The Stars Conspire Against Me
2006-06-08, 3:49 p.m.
Note: this entry will deal entirely with astrological predictions. If this isn't your bag, baby, feel free to skip this entry. It's probably going to be quite ridiculous anyway, as all of my predicting-the-future entries inevitably are. But hey, there's nothing quite like the adrenaline rush that comes from jumping the gun!
Does being a "chaos magnet" show up in your astrological chart?
One of the CC teachers, Geri, does astrology. She's an awesome person. I knew she did astrology, but I didn't know before that she was willing to take looks at people's charts. (Going off of the computer at the CC, I'm like the fifth person she's done this for lately.) Anyway, we were chatting in the sewing room on Saturday about whether or not this could be proven, and she said, "Well, if you print me out a chart, I'll look at it."

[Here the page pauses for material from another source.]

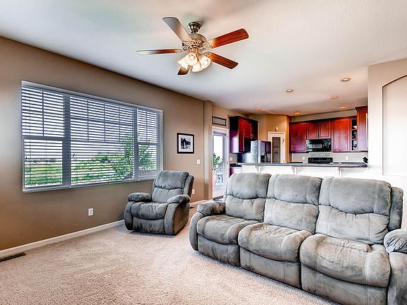 Unobstructed views of the mountains from the newly refinished back deck makes for amazing sunsets! House backs to open space! Professionally landscaped including concrete patio, pre-wired for hot tub! Upgraded kitchen with granite countertops, 42” maple cabinets, tile flooring, and 9 ft. ceilings throughout main level! Upgraded/custom upper level floor plan with extra loft/living area, larger master bedroom, radiant floor heating and custom installed ceiling speakers in master bath, added linen closet, jack and jill bathroom, and pre-wired ceiling fans in bedrooms. Unfinished full basement ready for custom build-out including wet bar rough-in and plumbing rough-in for bathroom! 3-car garage w/ custom cabinets/shop area, and 11’-8’’ partial ceiling height, great for extra storage! Upgraded insulation package for lower utility bills!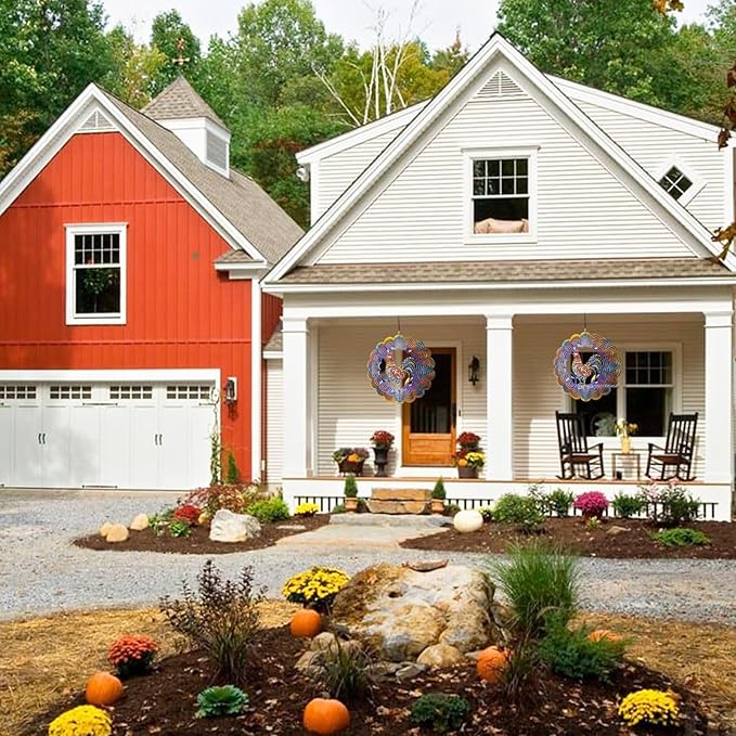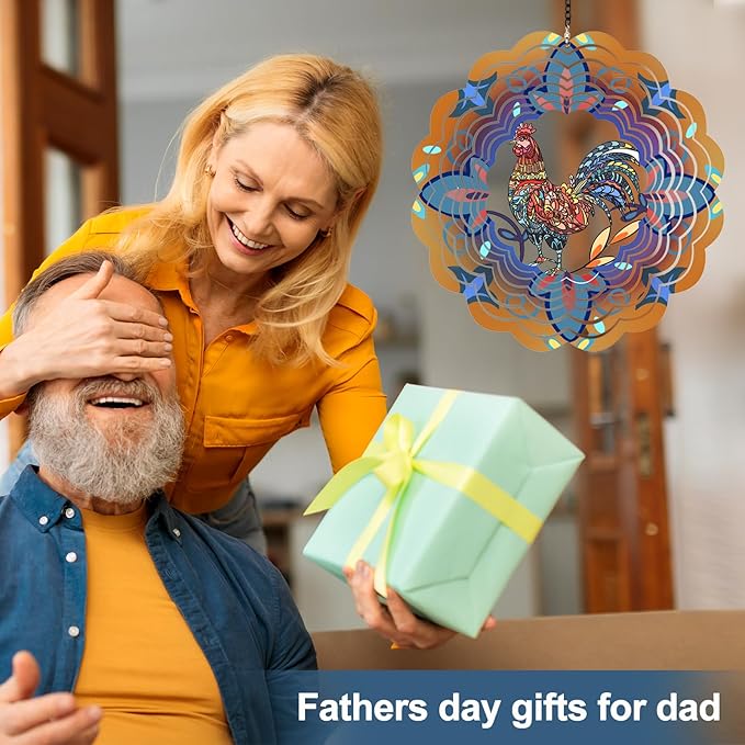 - 【3D Kinetic Wind Spinner Decor】The magical rooster style inspires the decorative hanging wind spinner, which adopts PUV Print Technology with a frosted paint finish, giving off a sparkling when it spin. The unique design combined meaningful animal pattern and a 3D streamer effect to make it seems more visual. Suitable decorate your garden and patio.

So I ran to astro.com and printed out the natal, and it was determined that yes, there ARE aspects that do this. My first house being Scorpio and having Uranus in Scorpio apparently means that a lot of unexpected events happen to me and they're all personal. And Pluto in Libra I guess is a "crazy magnet" aspect to boot.
It went on from there, with me asking her about Saturn Return, and she said that when Saturn returns to its natal placement, some kind of shit is likely to go down with Dad.
So later on at home, I looked this up. And found that Saturn hits the natal in late October through November 1- Dad's birthday. You know how people say that people tend to die around their birthdays? And that that time is probably around the outside for how long someone can survive on a ventilator?
Yeah, I kinda think The Big D is going to happen around then if it's happening earlier than 2007. I guess it'd be symmetrical, really. Maybe I don't have to worry about skipping a vacation this summer if it's not likely to happen then. On the other hand, I guess I won't knock myself out planning a spectacular Halloween costume or plan on going to any Halloween events.
(Yes, I am evil and shallow to be trying to figure out when Dad dies so I can plan a vacation. Just wait, I get more evil and shallow as this entry goes on.)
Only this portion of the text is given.